Since the 1990s, the groundfish fishery in the eastern Gulf of Maine has been considered to be commercially collapsed. There are several leading hypotheses about the sources of the continued depletion of groundfish stocks: 1) extirpation of local stocks, which has impeded recovery; 2) a lack of  adequate forage base – including Atlantic herring and alewives, 3) lack of groundfish protection during critical life stages, including for juvenile and spawning fish; and 4) lack of protection of critical habitat. Now, though, there are signs that the fish are rebuilding.

Groundfish has been managed by the federal agency on a large scale: one abundance estimate is done for each species from Cape Cod to the Canadian border. The quality of the data from eastern Gulf of Maine is also poor, since the federal survey has few sampling sites there because of the rocky bottom and the prevalence of lobster traps. As a result, it is not possible to monitor or manage the sub-populations of fish distinct to particular bays or shoals.

Our groundfish research has been motivated by wanting to monitor the sub-populations distinct to the eastern Gulf of Maine. Groundfish in the area collapsed in the 1990s, long before they collapsed in the rest of the Gulf of Maine. We have enlisted coastal fishermen who work locally, observing local ecological dynamics. If we are able to assess and understand the behavior of these local stocks, then if – we think when – they rebuild, we will be in a better position to manage them sustainably.

Sentinel Survey

In 2010, Maine Center for Coastal Fisheries, Dr. Yong Chen at the University of Maine and local fisherman teamed up to start the Sentinel Survey. This collaborative research program uses both longline and jig hook gear to gather local, fine-scale information about groundfish populations in areas that are not well sampled by existing monitoring programs. Through partnerships with the Northeast Fisheries Science Center and The Nature Conservancy, data from the Sentinel Survey is evaluated to produce robust information for groundfish species such as Atlantic cod and Atlantic halibut.

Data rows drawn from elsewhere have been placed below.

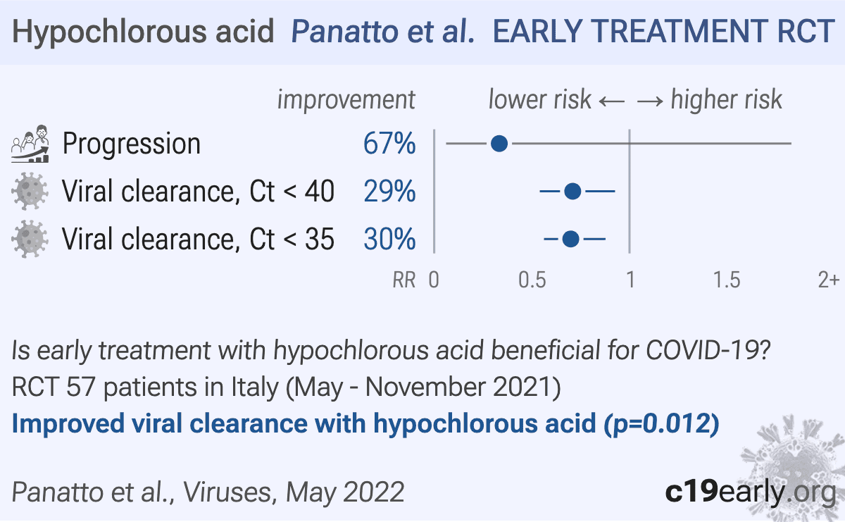 "abstract": "<jats:p>Sentinox (STX) is an acid-oxidizing solution containing hypochlorous acid in spray whose virucidal activity against SARS-CoV-2 has been demonstrated. In this paper, results of a randomized controlled trial (RCT) on the efficacy of STX in reducing viral load in mild COVID-19 patients (NCT04909996) and a complementary in vitro study on its activity against different respiratory viruses are reported. In the RCT, 57 patients were randomized (1:1:1) to receive STX three (STX-3) or five (STX-5) times/day plus standard therapy or standard therapy only (controls). Compared with controls, the log10 load reduction in groups STX-3 and STX-5 was 1.02 (p = 0.14) and 0.18 (p = 0.80), respectively. These results were likely driven by outliers with extreme baseline viral loads. When considering subjects with baseline cycle threshold values of 20–30, STX-3 showed a significant (p = 0.016) 2.01 log10 reduction. The proportion of subjects that turned negative by the end of treatment (day 5) was significantly higher in the STX-3 group than in controls, suggesting a shorter virus clearance time. STX was safe and well-tolerated. In the in vitro study, ≥99.9% reduction in titers against common respiratory viruses was observed. STX is a safe device with large virucidal spectrum and may reduce viral loads in mild COVID-19 patients.</jats:p>",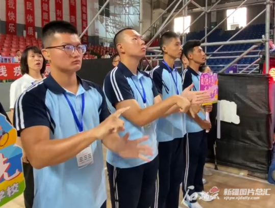 来自新疆残疾人职业中专学校的35名运动员静静肃立,他们有的放声齐唱,有的用手语“唱”国歌,动作干净利落,时而将双手高举过头顶,时而用手指在胸前围成心形,眼神充满坚定。
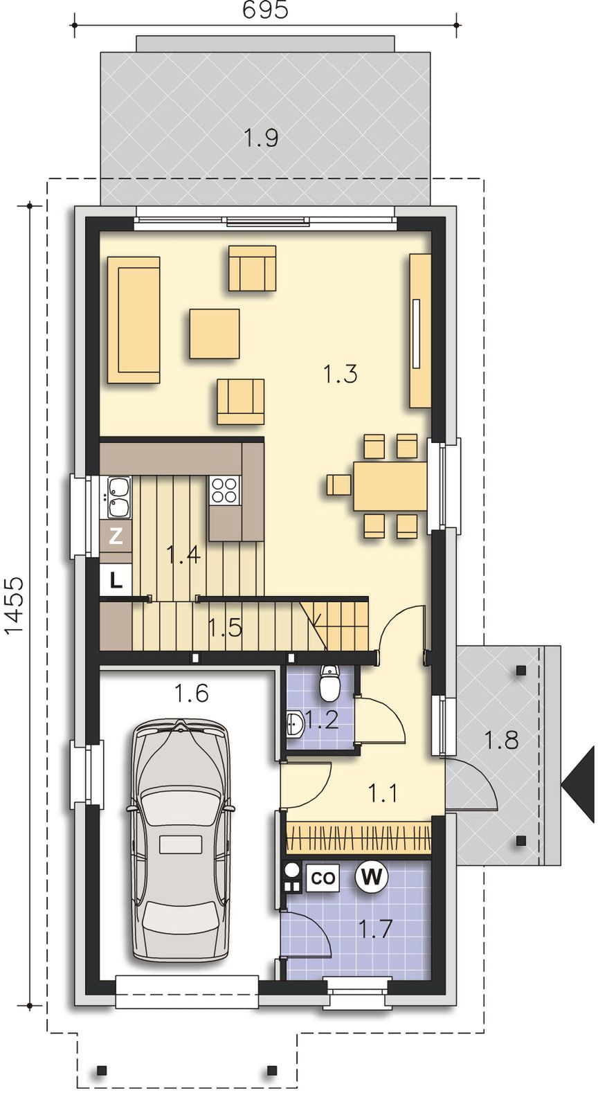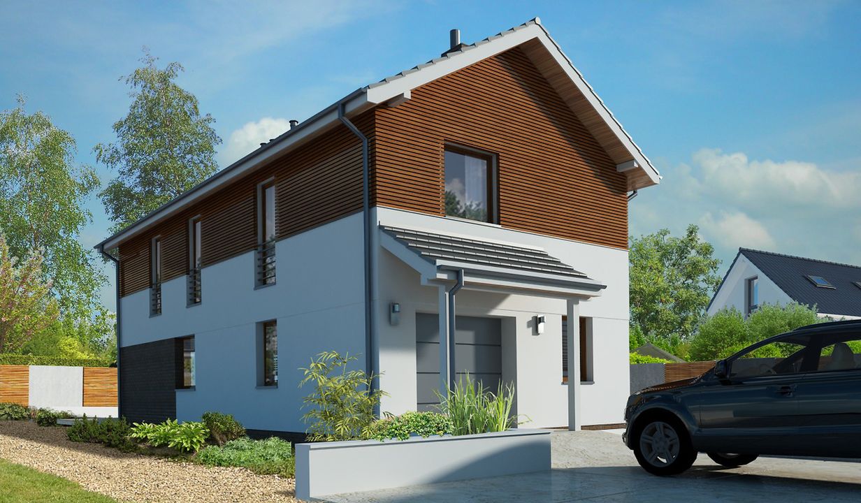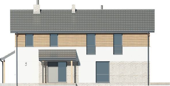 Graficzne opracowanie rzutów poglądowych widocznych na karcie projektu zostało wykonane przez Extradom.pl. Prezentowane przez Extradom.pl wizualizacje wykonane zostały przez autora projektu i należy poczytywać je jedynie za przykład i propozycję wykończenia, wizję architektoniczną autora projektu. Ostateczne wykończenie budynku może nastąpić na wiele sposobów. Szczegółowe rozwiązania zastosowane w oferowanej dokumentacji - w tym również ilość, lokalizacje i wygląd okien, drzwi, kominów - mogą w niewielkim stopniu różnić się od prezentowanej wizualizacji budynku.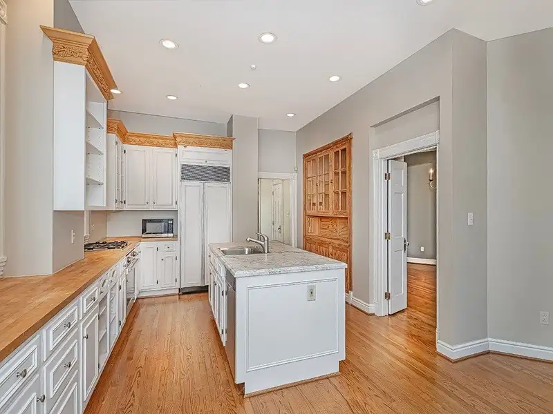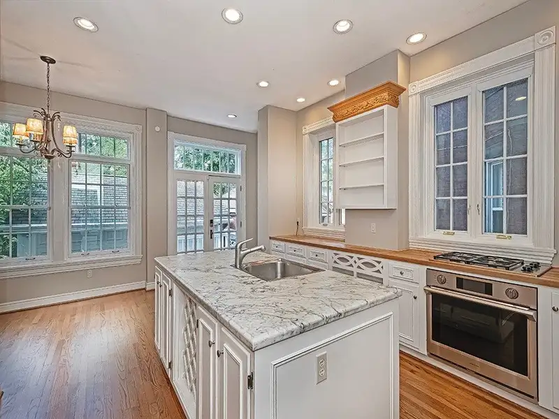 - Large marble center island kitchen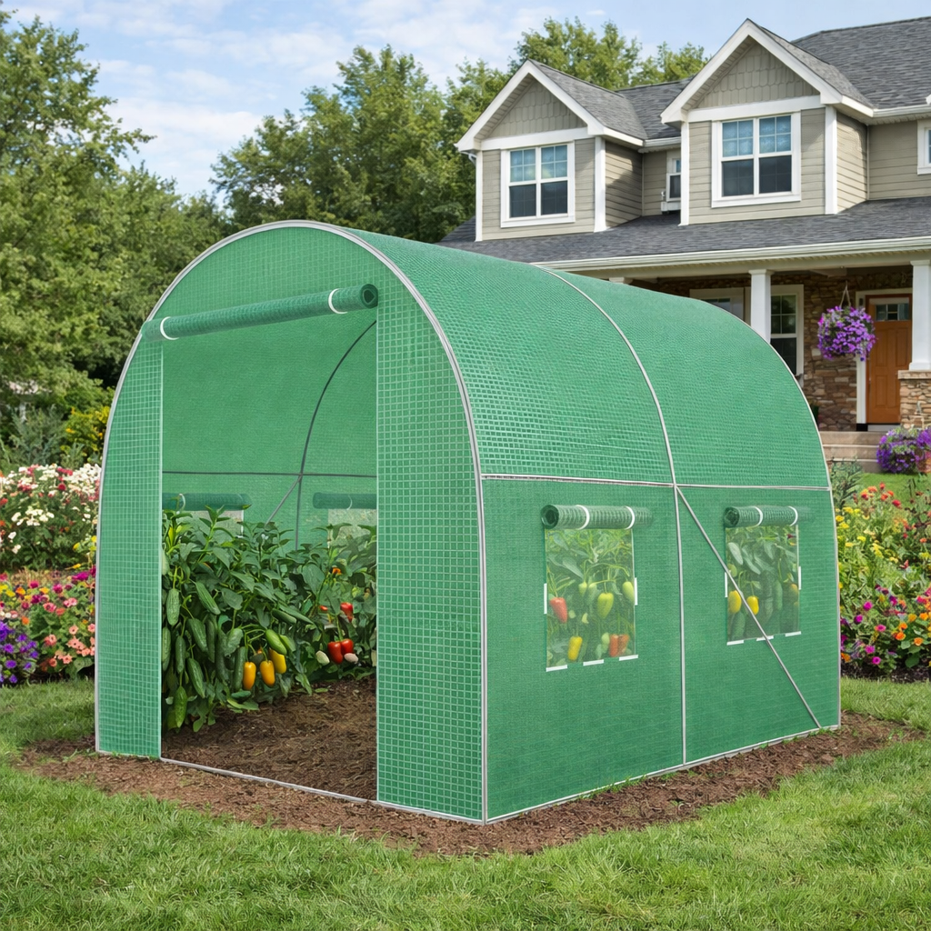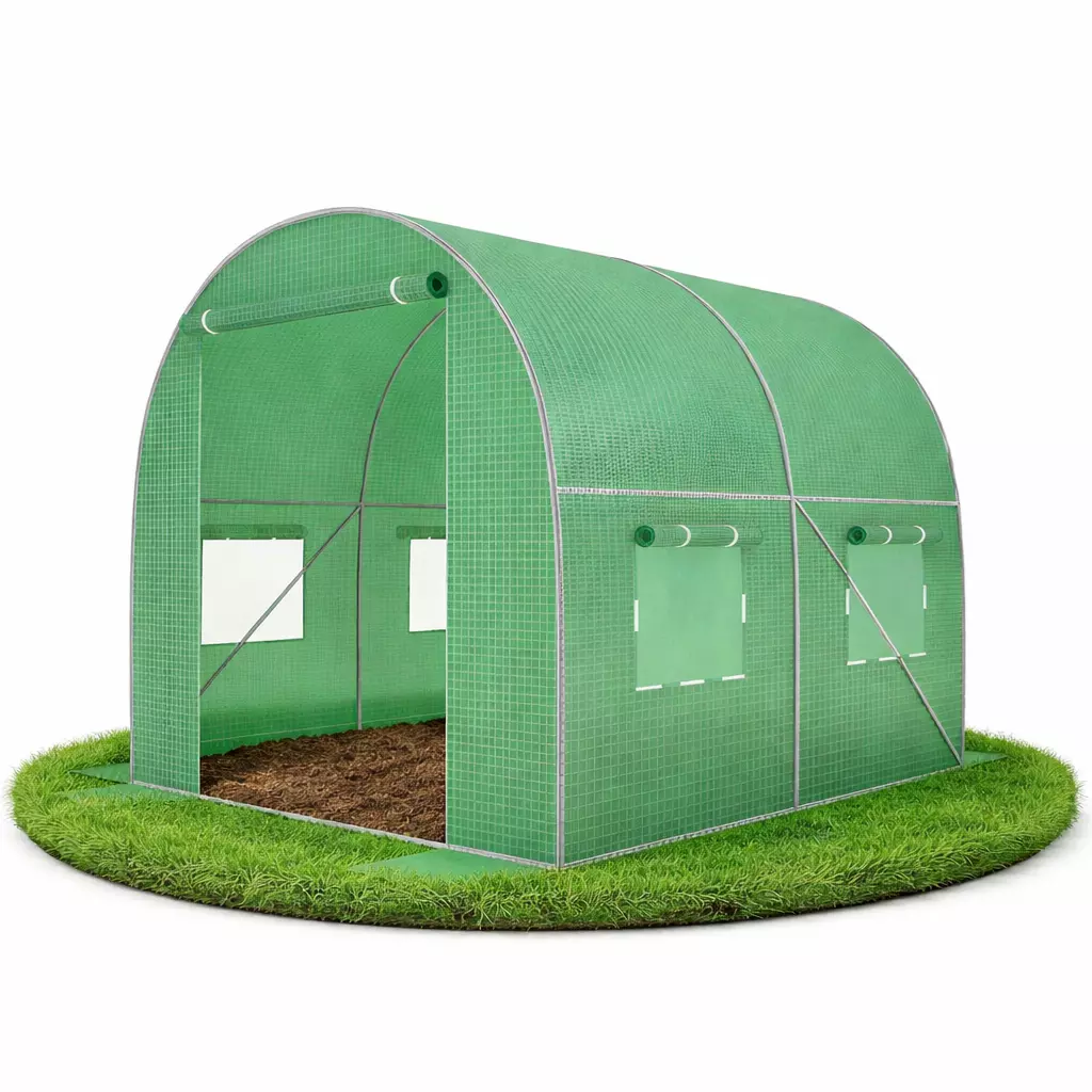 Садова теплиця 4 м² (2 × 2 × 2 м) з вікнами, армована плівка UV-4, Зелена (Польща)

The Sentinel Survey is a monitoring tool that helps build a scientific framework to understand groundfish stocks at a finer scale than that of federal management. Initially the survey has provided documentation of the collapse and is positioned to capture a potential restoration. Vested fishermen involvement in the program ensures that local knowledge is embedded in the research design. Additionally, the Sentinel Survey is used as a collaborative platform by various research groups to collect biological information on many different species. Woods Hole Oceanographic Institute analyzes muscle tissue samples of cod and pollock for stable isotope signatures indicating diet patterns. Gulf of Maine Research Institute uses photos of cod for morphometric studies on population structure. The University of Maine examines cod otoliths for age structure information. These collaborations have been key to the success of the program, and crucial toward understanding the complexities in the ecosystem.
Read the 2016 Sentinel Survey.

The Sentinel Survey has more sampling sites than any other monitoring program: its hook gear design is effective even fishing in dense lobster gear. Significantly, the survey is thus able to determine the relative abundance of cod in this ecologically distinct region. The colored station markers indicate depth strata and jig and longline stations.

BACI Survey

River restoration and dam removal is resulting in a rebound of prey species such as river herring, including alewives, which are prey for predators such as cod. Using Sentinel Survey sampling methods, the BACI (Before-After-Control-Impact) study evaluates the potential predatory response of Atlantic cod to increased prey availability at the mouth of the Penobscot River where historic restoration efforts have removed dams and opened 1000 miles of habitat for species such as river herring.  The BACI data is collected during the spring migration of adult groundfish into the estuary, and in the fall when juveniles are headed out to sea. We compare data collected at three Penobscot Bay sampling stations with data collected at three adjacent areas considered distinct from the Penobscot River restoration.

Data collected through the BACI study will provide insight on the coupled interaction between a predator and its prey, as well as track a shift in the dynamics of Atlantic cod in response to the river herring’s return to Penobscot Bay. Given the enormity of the Penobscot River system and the unprecedented, 10-fold increase in alewives in the system in the first three years, the framework of this study will inform future restoration projects around the world, and have significant implications for the entire New England groundfish fishery.
Read the BACI Survey.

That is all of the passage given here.